Alameda, like the rest of the US, has experienced an increase in fatalities on our city streets and vehicle design is quickly becoming recognized as a significant contributing factor. As consumers shift their selection to SUVs and Pick-up trucks, the vehicle manufactures are changing the designs of these vehicles to become more and more dangerous to people on city streets.

 

These designs both limit visibility for the most vulnerable road users, children and seniors who walk and bike, but also increase the likelihood of serious injury and fatality when a collision occurs.

 

This phenomenon has been widely acknowledged and covered as it is here in The Atlantic Magazine at the end of last year.

 

 

<https://www.theatlantic.com/ideas/archive/2021/12/suvs-trucks-killing-pedestrians-cyclists/621102/>

 

Additional links:

 

                     Fix the Crash Test, Dummies - Bloomberg <https://www.bloomberg.com/news/articles/2022-03-18/fix-the-crash-test-dummies>

 

                     The Hidden Danger of BIG Trucks - Consumer Reports <https://www.consumerreports.org/car-safety/the-hidden-dangers-of-big-trucks/>

 

Large pickups and sport utility vehicles, designed for off-road, rural environments have long been more likely to kill people when people driving hit people who walk and bike with them.
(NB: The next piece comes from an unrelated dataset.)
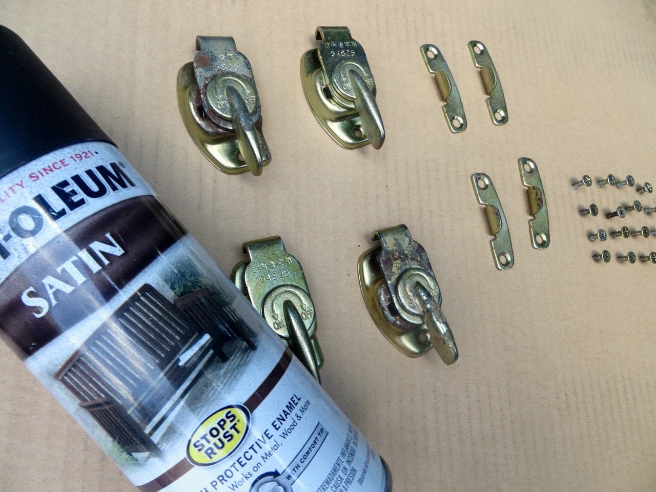 I cleaned the hardware with rubbing alcohol and a stiff brush. I don’t know what the gummy mess was on them but it rusted the pieces.

One study <https://www.monash.edu/__data/assets/pdf_file/0016/1045222/Pedestrian-crash-risk-and-injury-outcomes-relationship-with-vehicle-design.pdf> of vehicle type and crash-fatality risk found that a large pick-up that is not designed for urban driving is three-times as likely to kill a pedestrian that a passenger vehicle that is designed for city streets.

 

 

 

Unfortunately, national regulatory agencies, at the behest of international corporations that manufacture vehicles, have refused to take action, despite the clear call for them to do so by transportation professionals, including NACTO and the Insurance Institute for Highway Safety. As such, cities and states are left trying to navigate an environment that allows for unsafe vehicles to be operated in the same spaces as school children, shoppers, commuters, seniors and people with disabilities who are walking, rolling or on bicycle.

 

 

 

 

A 2018 Special Report from the National Transportation Safety Board found <https://www.ntsb.gov/safety/safety-studies/Documents/SIR1803.pdf>:

 

 

As a City, Alameda cannot determine the consumer’s vehicle of choice when they purchase a new mode of transportation, but we can ensure that there are consequences for purchasing vehicles that are ill-equipped for safe operations on our local streets. As such, this referral would put in place an administrative fine for driving a vehicle that is designed to increase harm to our residents, workers and visitors and causing harm with that vehicle.

 

A final ordinance will provide a simple way to avoid any penalty by allowing people who drive less safe vehicles to take responsibility for their choice of vehicle by ensuring that they operate in a manner that doesn’t cause harm and injury in our community. It will also set clear criteria for assessing a set fine based on objective standards including bumper height exemptions, Front-end heights, etc.

 

Licensed commercial vehicles, including public transit, will be exempt in order to allow businesses and transit agencies to provide needed access and mobility for passengers, business needs, construction, etc.